What you will do: In the records below, find the line containing "Lite sliten men" and the line containing "Half-cup bra with". Give again exactly those lines and every line between them, omitting the pictures.

Supplied material:
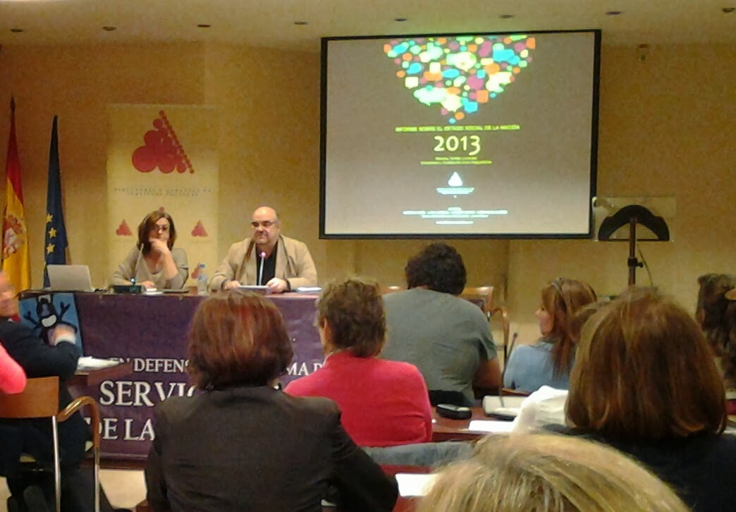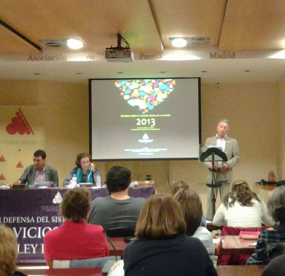 Intervención de Esteban Beltrán. Modera: Carmen Tamayo.El viernes se abrió el turno de conferencias con Ángel Dolado, Juez Decano de Zaragoza, que nos puso también el cuerpo de jota, para qué engañarnos, con su ponencia "La justicia como garante de la igualdad". Analizó cómo se ha cercenado el principio constitucional de igualdad a través de las reformas laboral, de la justicia y de amnistía fiscal, respectivamente. Se cierra el círculo de la desigualdad con los indultos gubernamentales y con la ley de tasas, una verdadera vergüenza para este país. Alertó sobre la reforma que viene del Código Penal, todo un ataque a las movilizaciones ciudadanas (a estas alturas todos los asistentes estábamos para el valium, el cartón de vino o ambas cosas al escuchar tanta mala noticia). También puso sobre la mesa la realidad penitenciaria y recomendó la lectura del libro de Mercedes Gallizo, ex secretaria general de instituciones penitenciarias. Tendrás la oportunidad de leer una crítica de este libro próximamente en este blog.Cerró su magnífica conferencia citando un libro que no pude apuntar de una autora italiana, así que ruego que si alguien que me lee estuvo allí y se sabe el título que me lo diga para poder comprarlo, es que estaba tuiteando su discurso final, que me tenía embobada, y una ya no está para multitareas.Tras la entrega de premios varios, entre los que destacaré el Premio "Corazón de Piedra" a Ana Mato, nos marchamos a comer. En la jornada de tarde (y última), destacados miembros de la asociación, entre ellos, Luis Barriga, Ángel Parreño y María Jesús Brezmes analizaron temas clave de la asociación, entre ellos el índice DEC, que mide el desarrollo de los servicios sociales por comunidades, aquí, los últimos datos sobre dependencia, la reforma local y lo sociosanitario.Las conclusiones que pude obtener de todo lo dicho son:
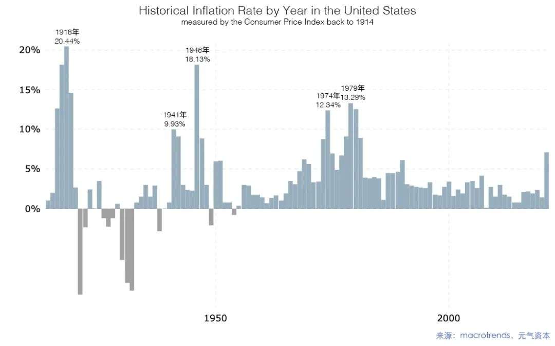 1914年-2021年美国通胀率变化(来源:Macrotrends)
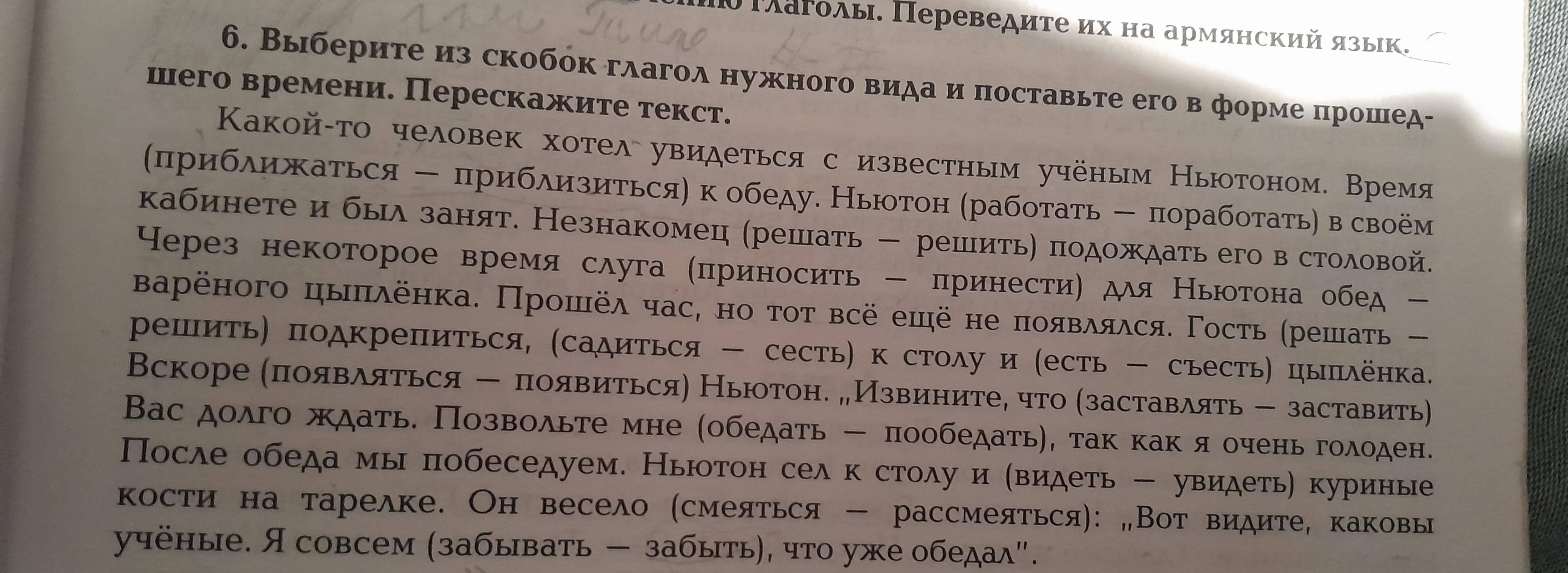 Выбрать глагол нужного вида и поставить его в форму прошедшего времени:
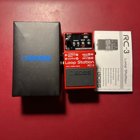 Boss GP-10 gitarrtillbehör i gul färg. En enhet för gitarrister med flera funktioner och kontroller, inklusive pedaler och anslutningskablar. Passar för användning med elgitarr.
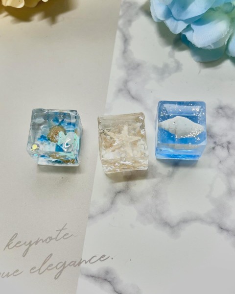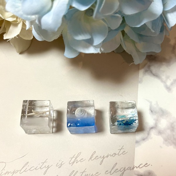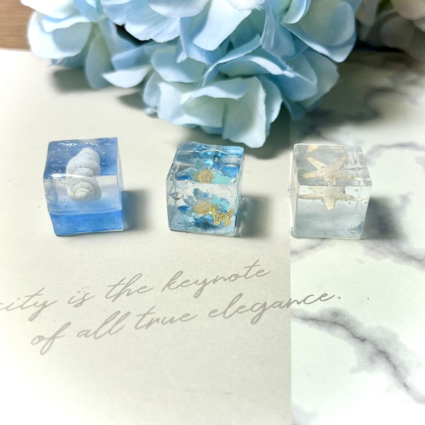 キューブ型に夏っぽくヒトデや貝、花などを入れてみました。
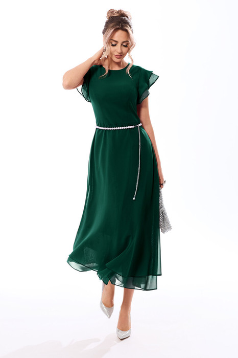 Платье без воротника, с круглым вырезом горловины, с застежкой на потайную молнию в среднем шве спинки. Платье отрезное по линии талии. По лифу переда с рельефами, выходящими из проймы. Спинка со средним швом, по лифу спинки с рельефами, выходящими из проймы. Нижняя часть платья двойная, расширенная к низу. Рукав втачной, короткий, крылышко, двойной. Платье со съемным декоративным поясом.
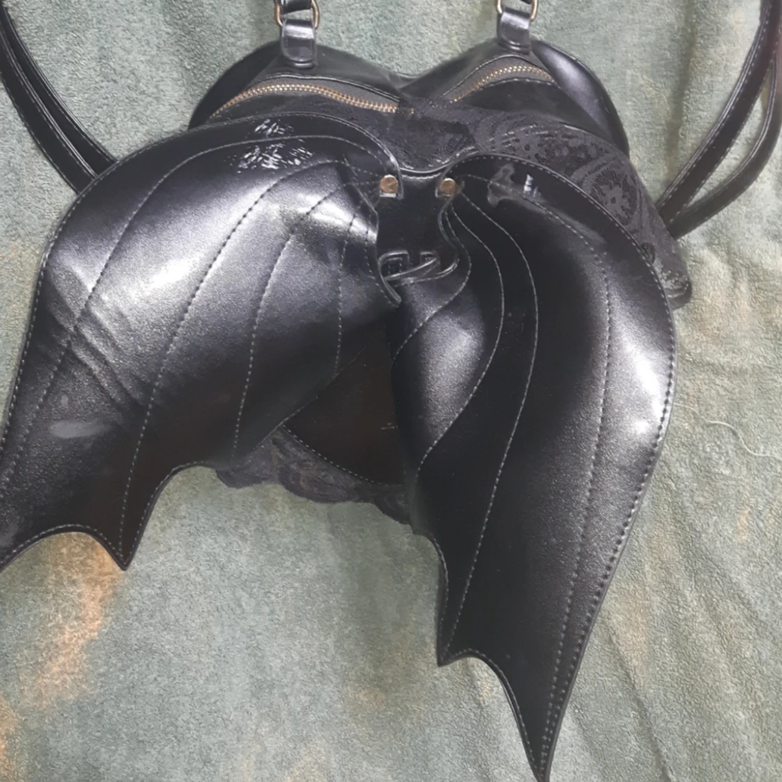 Lite sliten men söt väska med axelband som kan ställas in i storlek. Söta fladdermus vingar på ryggen. 🌙 Obs! Katt finns i hem 🙀 Kan hämtas upp i Malmö eller Hässleholm!
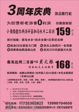 在客運(yùn)萎縮中,儀隴分公司經(jīng)過兩年多的努力,旅游產(chǎn)業(yè)漸漸發(fā)展了起來。目前疫情還未完全過去,對于長線旅游,很多人都不作考慮,鑒于此,只能大力發(fā)展短線旅游。最近,鴻運(yùn)旅行社儀隴分社新推出平昌、達(dá)州兩條旅游線路,主要針對50至80歲的人群。 為了爭取更多的客戶,為公司創(chuàng)收,鴻運(yùn)旅行社儀隴分社在金城、馬鞍、復(fù)興三鎮(zhèn)進(jìn)行廣泛宣傳的基礎(chǔ)上,6月5日,分管旅游副經(jīng)理何智勇又帶領(lǐng)分公司5名員工深入到縣城內(nèi)大街小巷,到各個(gè)菜市場和人員聚集地去宣傳推介旅游產(chǎn)品,發(fā)傳單、深推廣、詳介紹、拉客戶。他們頂著烈日,冒著酷暑,不厭其煩的介紹旅游線路,從青年、中年到老年,不放過任何一個(gè)可能成為旅游客戶的機(jī)會(huì),努力為提高企業(yè)效益做出自己的貢獻(xiàn)。 經(jīng)儀隴分社全體員工共同努力,積極宣傳造勢,先后共發(fā)放平昌、達(dá)州兩條旅游線路宣傳資料達(dá)8000余份,組團(tuán)5次,發(fā)團(tuán)220余人次,受到游客們的喜愛。 (林雅琪)
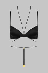 Half-cup bra with underwire, combining satin softness and style. Designed to perfectly fit the shape of the breasts thanks to its seamless molded cups. The neckband lacing, totally removable and adjustable thanks to a unique adjuster and golden lipstick accessories signed Maison Close, sublimates your cleavage while allowing customization according to your desires. The thin, flat, adjustable straps ensure a perfect fit. An elastic band around the bust hugs and shapes the bust perfectly. Adjustable hook and eye closure at the back.
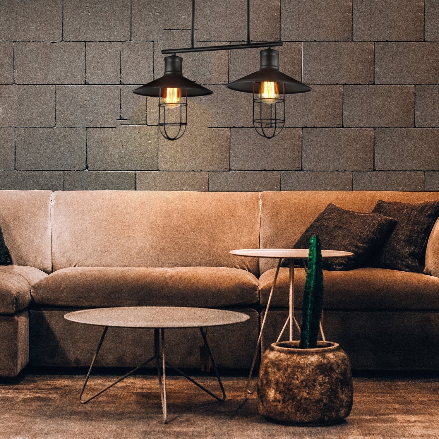 This product is a 2/3-head island lighting pendant lamp with a metallic wire cage shade in black. It is made of metal and has a voltage of 220V-240V. The bulb base is E26/E27, and the light type can be either LED, incandescent, or fluorescent. The fixture width is 39", the fixture height is 12", and the chain/cord length is 39". The length of the product is 10.5", and the width is 25.5". This product is industrial style and is perfect for over table lighting.
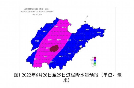 6月25日,记者从山东省气象台了解到,受副高边缘暖湿气流和冷空气共同影响,26—29日山东省迎来今年首次大范围暴雨过程,并伴有大风和明显雷电。26日中午至27日白天,强降雨主要在中西部地区,菏泽、济宁、枣庄、临沂、济南、泰安、淄博、潍坊和东营有暴雨,部分地区大暴雨,其他地区有中到大雨局部暴雨;27日夜间至29日,强降雨区东移,半岛地区有大到暴雨,其他地区有小到中雨局部大雨或暴雨。全省过程平均降水量70~110毫米,最大小时降水量50~90毫米。其中,菏泽、济宁、枣庄、临沂、济南、泰安、淄博、潍坊和东营降水量70~130毫米局部200毫米以上,其他地区40~60毫米局部100毫米以上。
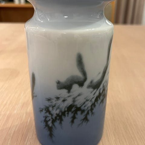 Original Porsgrund-vase fra serien Blå Fugl. Produsert ca. 1950. Elegant blågrå glasur med motiv av fugler, typisk for norsk designtradisjon. Stemplet under med "Porsgrund Porselænsfabrik". Ingen skader, pent brukt.
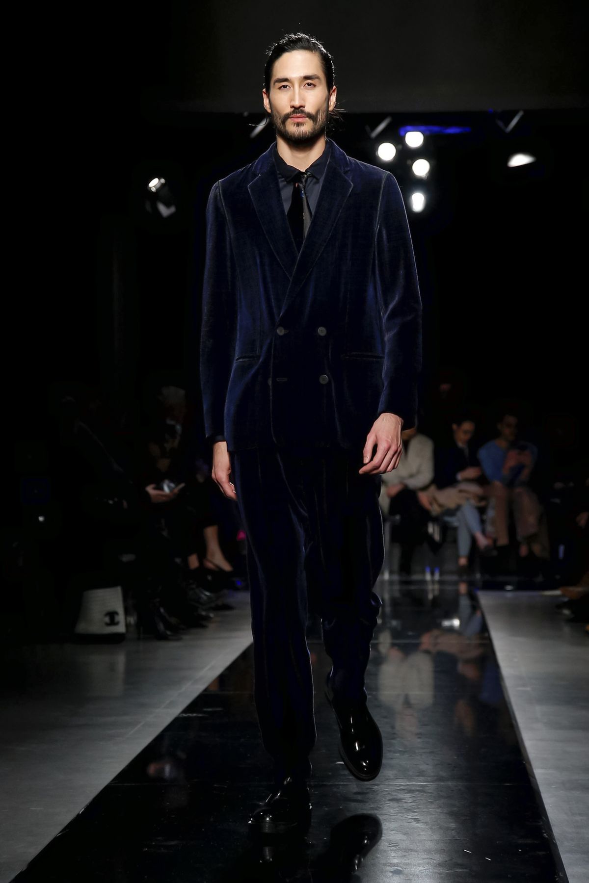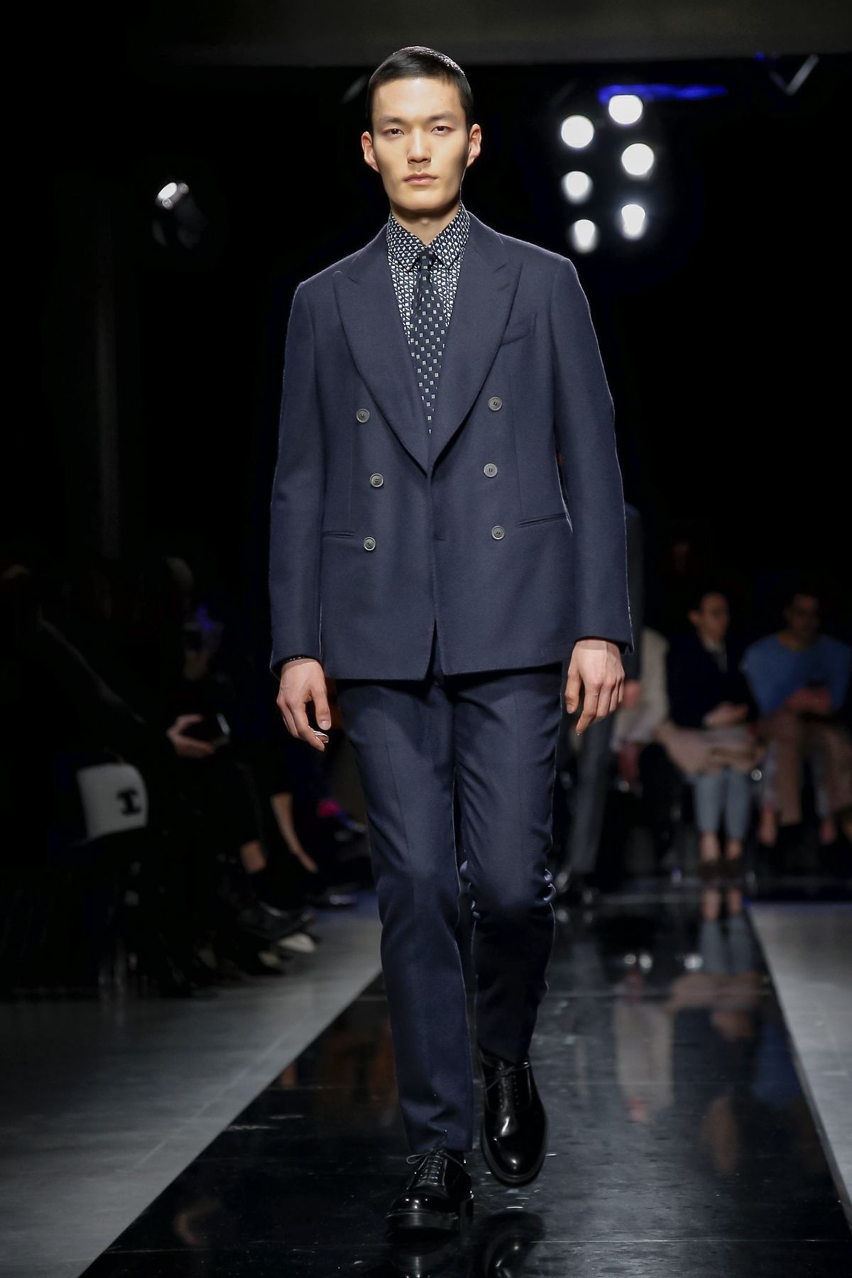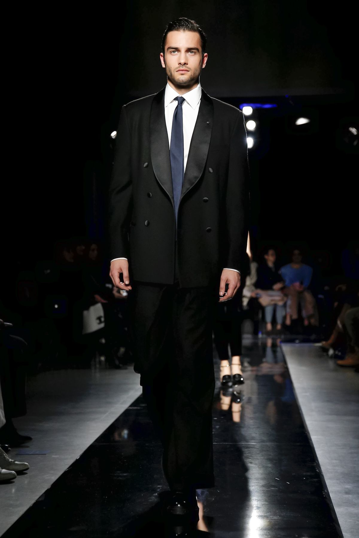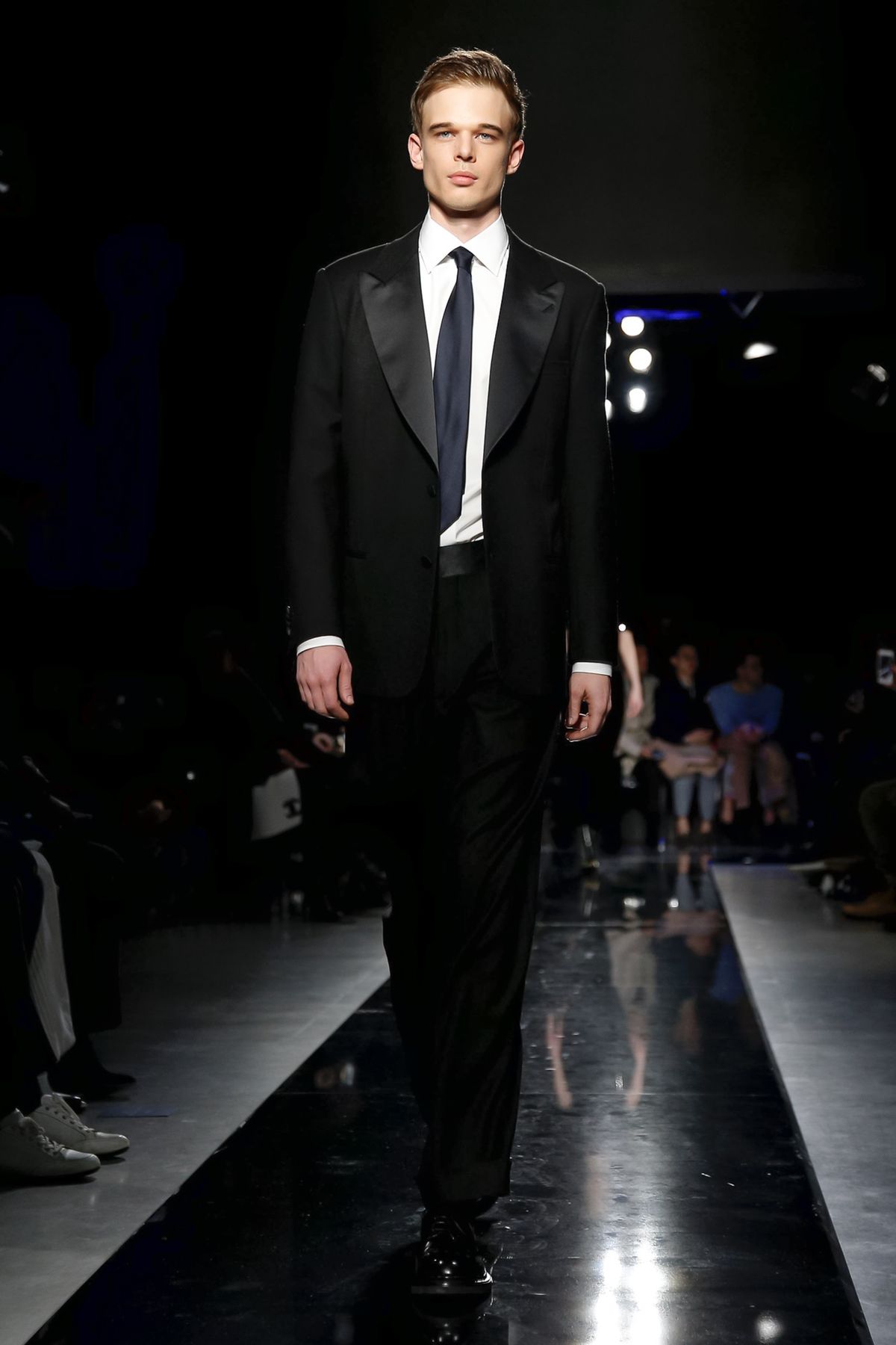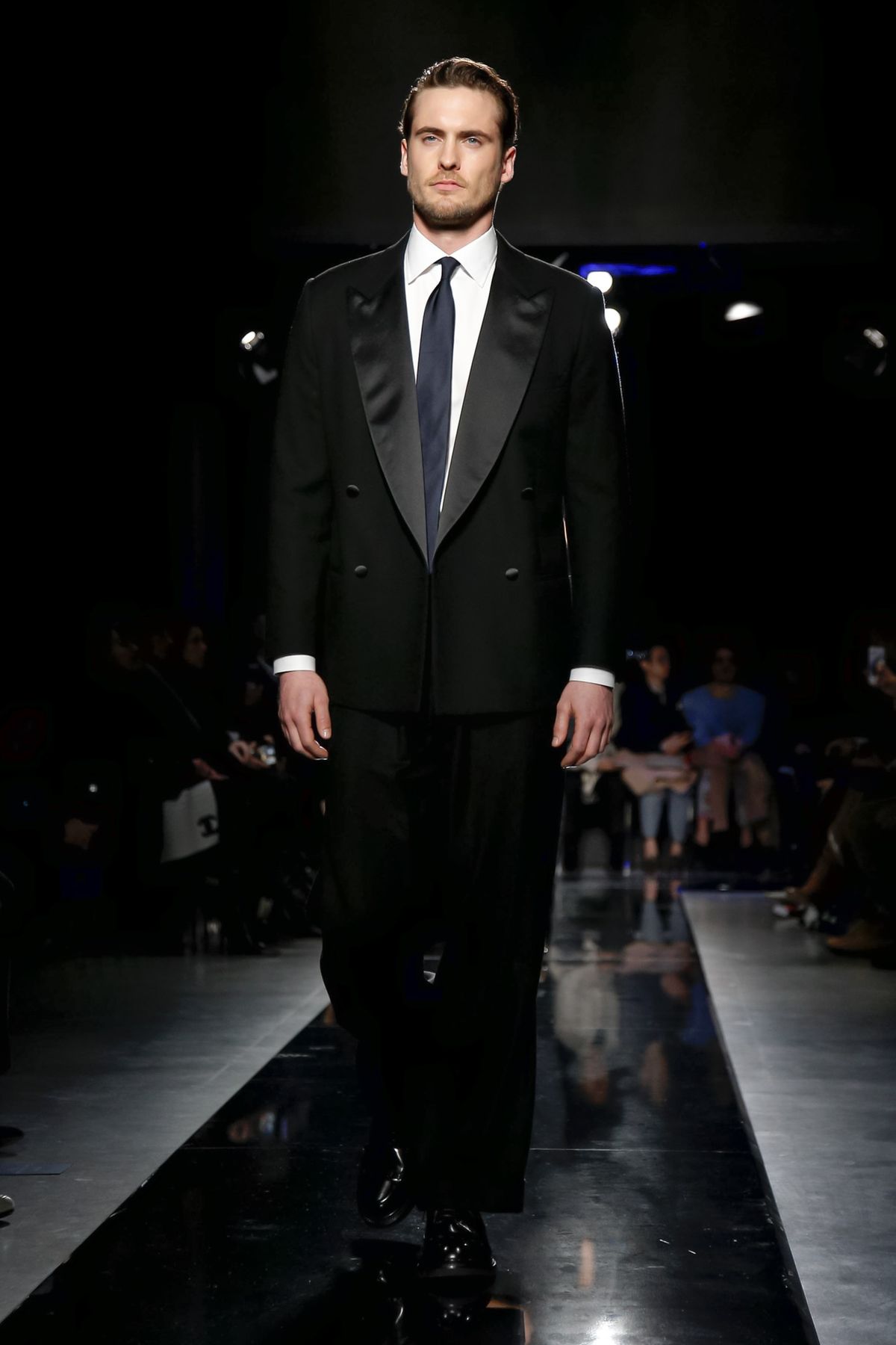 On the night before the Oscars, where Armani’s star always shines bright on the red carpet, the designer staged a cinematic work of his own in Milan: his first coed runway show at his Silos museum. It was a most elegant affair, a “Rhapsody in Blue” as he called it after the Gershwin song, in an intimate, couture-like setting that amplified the house’s signature refrain of fluid tailoring with some jazzy new flourishes.

Output:
 Lite sliten men söt väska med axelband som kan ställas in i storlek. Söta fladdermus vingar på ryggen. 🌙 Obs! Katt finns i hem 🙀 Kan hämtas upp i Malmö eller Hässleholm!
 在客運(yùn)萎縮中,儀隴分公司經(jīng)過兩年多的努力,旅游產(chǎn)業(yè)漸漸發(fā)展了起來。目前疫情還未完全過去,對于長線旅游,很多人都不作考慮,鑒于此,只能大力發(fā)展短線旅游。最近,鴻運(yùn)旅行社儀隴分社新推出平昌、達(dá)州兩條旅游線路,主要針對50至80歲的人群。 為了爭取更多的客戶,為公司創(chuàng)收,鴻運(yùn)旅行社儀隴分社在金城、馬鞍、復(fù)興三鎮(zhèn)進(jìn)行廣泛宣傳的基礎(chǔ)上,6月5日,分管旅游副經(jīng)理何智勇又帶領(lǐng)分公司5名員工深入到縣城內(nèi)大街小巷,到各個(gè)菜市場和人員聚集地去宣傳推介旅游產(chǎn)品,發(fā)傳單、深推廣、詳介紹、拉客戶。他們頂著烈日,冒著酷暑,不厭其煩的介紹旅游線路,從青年、中年到老年,不放過任何一個(gè)可能成為旅游客戶的機(jī)會(huì),努力為提高企業(yè)效益做出自己的貢獻(xiàn)。 經(jīng)儀隴分社全體員工共同努力,積極宣傳造勢,先后共發(fā)放平昌、達(dá)州兩條旅游線路宣傳資料達(dá)8000余份,組團(tuán)5次,發(fā)團(tuán)220余人次,受到游客們的喜愛。 (林雅琪)
 Half-cup bra with underwire, combining satin softness and style. Designed to perfectly fit the shape of the breasts thanks to its seamless molded cups. The neckband lacing, totally removable and adjustable thanks to a unique adjuster and golden lipstick accessories signed Maison Close, sublimates your cleavage while allowing customization according to your desires. The thin, flat, adjustable straps ensure a perfect fit. An elastic band around the bust hugs and shapes the bust perfectly. Adjustable hook and eye closure at the back.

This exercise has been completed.